Exercise objective
Please give the lines below again exactly as they stand, from the one that contains "A mystical girl" up to and including the one that contains "And then they", leaving all pictures out.

Data for processing
+++

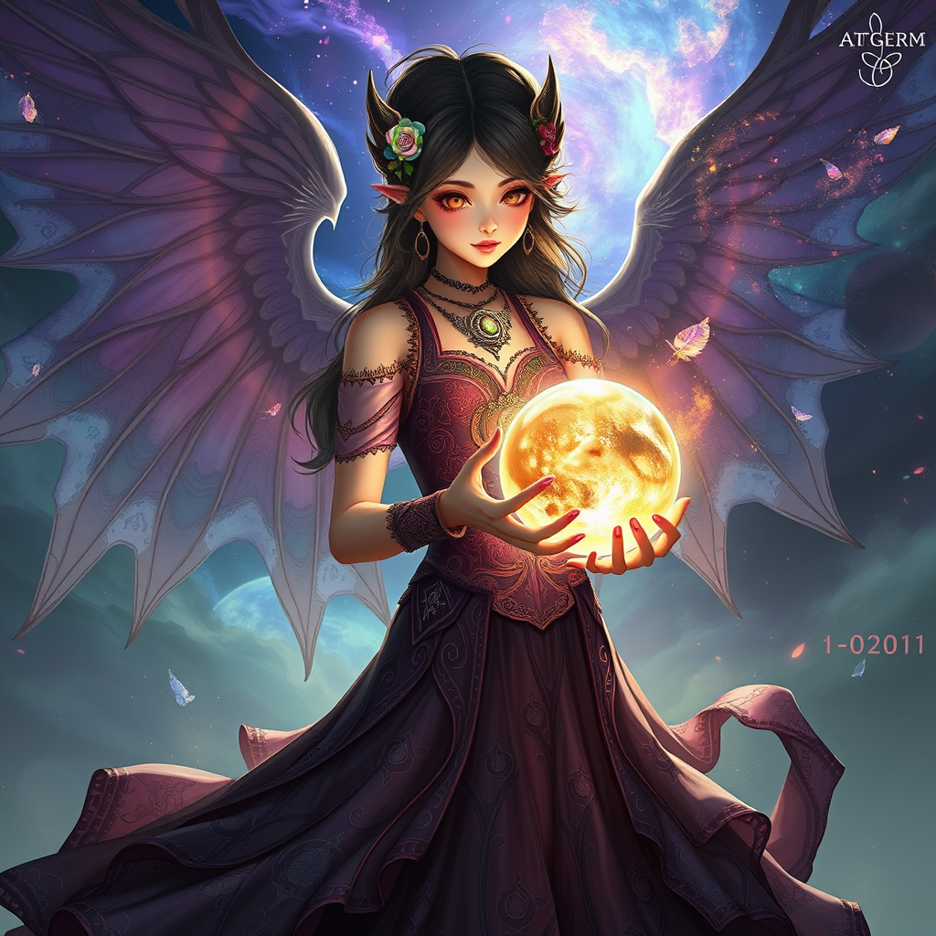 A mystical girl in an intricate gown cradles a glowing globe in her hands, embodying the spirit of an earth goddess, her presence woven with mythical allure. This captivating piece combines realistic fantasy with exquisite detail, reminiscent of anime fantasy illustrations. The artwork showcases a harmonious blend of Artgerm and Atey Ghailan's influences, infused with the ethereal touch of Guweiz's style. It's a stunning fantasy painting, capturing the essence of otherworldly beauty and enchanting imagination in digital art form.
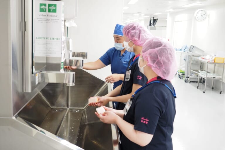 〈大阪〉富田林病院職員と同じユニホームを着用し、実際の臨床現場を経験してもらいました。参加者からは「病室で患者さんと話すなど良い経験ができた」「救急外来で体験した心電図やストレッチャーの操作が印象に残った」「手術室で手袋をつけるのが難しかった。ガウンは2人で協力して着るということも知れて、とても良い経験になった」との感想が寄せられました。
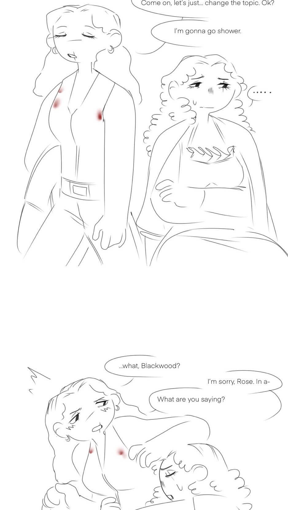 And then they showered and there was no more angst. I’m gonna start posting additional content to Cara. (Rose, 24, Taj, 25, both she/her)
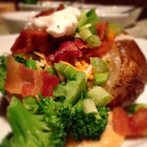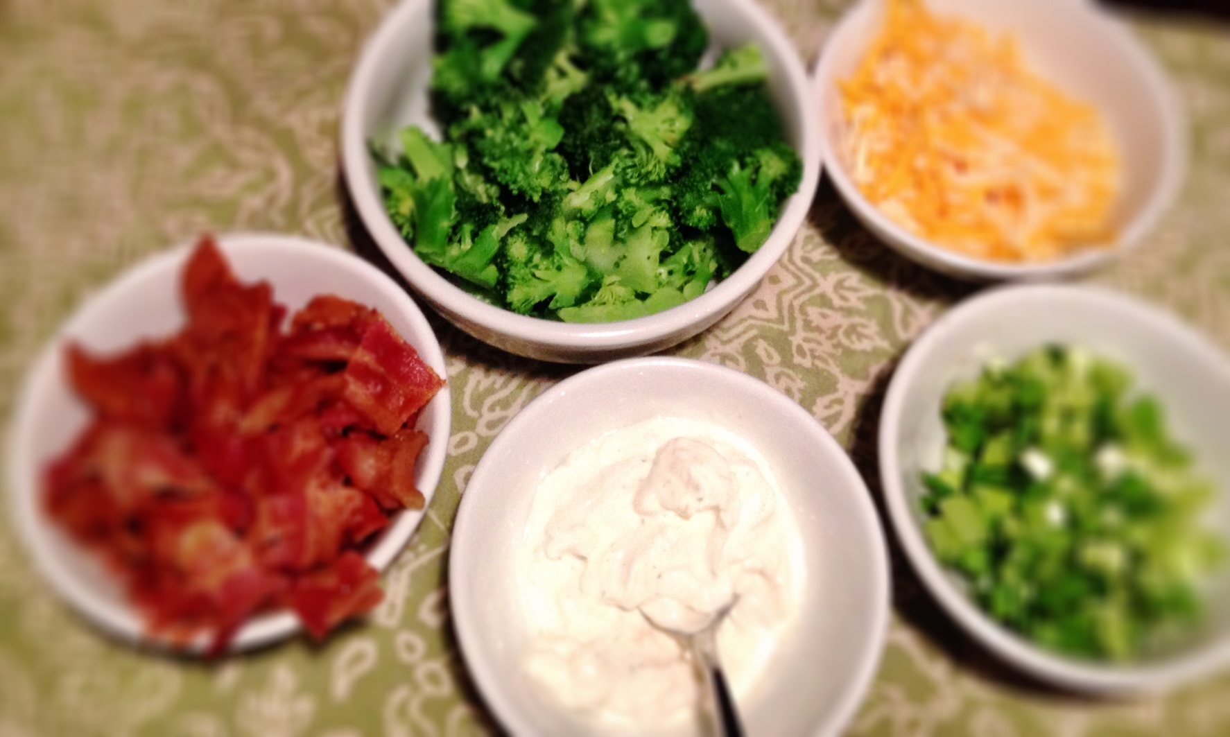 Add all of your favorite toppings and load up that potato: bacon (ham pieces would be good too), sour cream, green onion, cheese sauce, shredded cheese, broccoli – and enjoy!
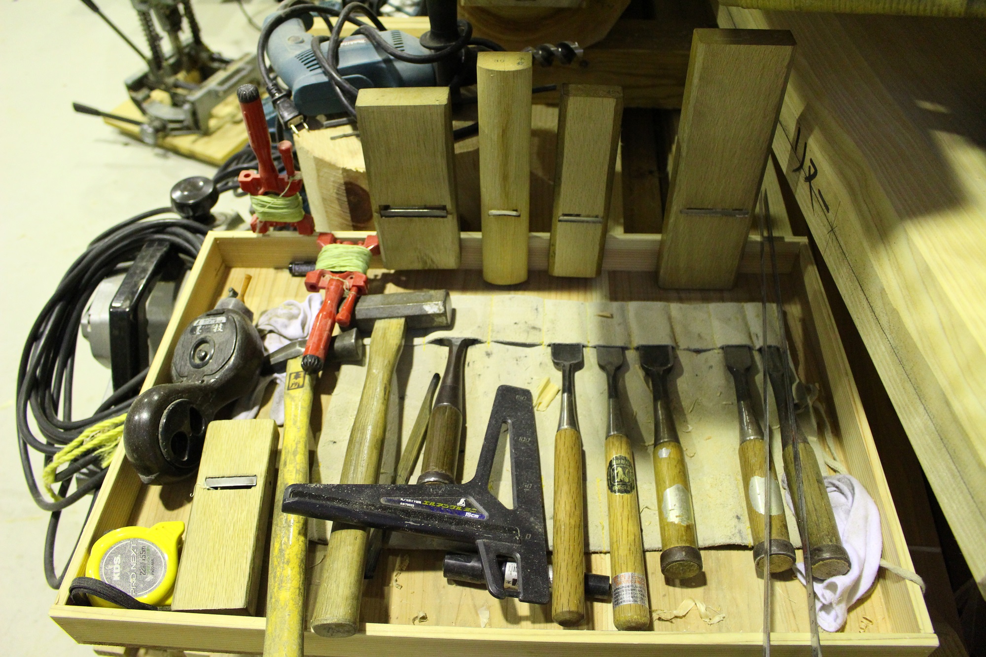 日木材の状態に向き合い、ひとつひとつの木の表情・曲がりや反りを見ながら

+++

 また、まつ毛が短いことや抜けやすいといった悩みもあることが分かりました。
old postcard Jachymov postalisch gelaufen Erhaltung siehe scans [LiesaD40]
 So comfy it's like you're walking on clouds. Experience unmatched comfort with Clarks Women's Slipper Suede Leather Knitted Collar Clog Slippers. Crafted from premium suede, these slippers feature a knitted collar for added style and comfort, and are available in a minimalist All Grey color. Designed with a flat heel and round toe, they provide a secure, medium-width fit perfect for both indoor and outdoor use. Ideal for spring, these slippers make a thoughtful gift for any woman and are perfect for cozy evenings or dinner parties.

+++

Answer space
 A mystical girl in an intricate gown cradles a glowing globe in her hands, embodying the spirit of an earth goddess, her presence woven with mythical allure. This captivating piece combines realistic fantasy with exquisite detail, reminiscent of anime fantasy illustrations. The artwork showcases a harmonious blend of Artgerm and Atey Ghailan's influences, infused with the ethereal touch of Guweiz's style. It's a stunning fantasy painting, capturing the essence of otherworldly beauty and enchanting imagination in digital art form.
 〈大阪〉富田林病院職員と同じユニホームを着用し、実際の臨床現場を経験してもらいました。参加者からは「病室で患者さんと話すなど良い経験ができた」「救急外来で体験した心電図やストレッチャーの操作が印象に残った」「手術室で手袋をつけるのが難しかった。ガウンは2人で協力して着るということも知れて、とても良い経験になった」との感想が寄せられました。
 And then they showered and there was no more angst. I’m gonna start posting additional content to Cara. (Rose, 24, Taj, 25, both she/her)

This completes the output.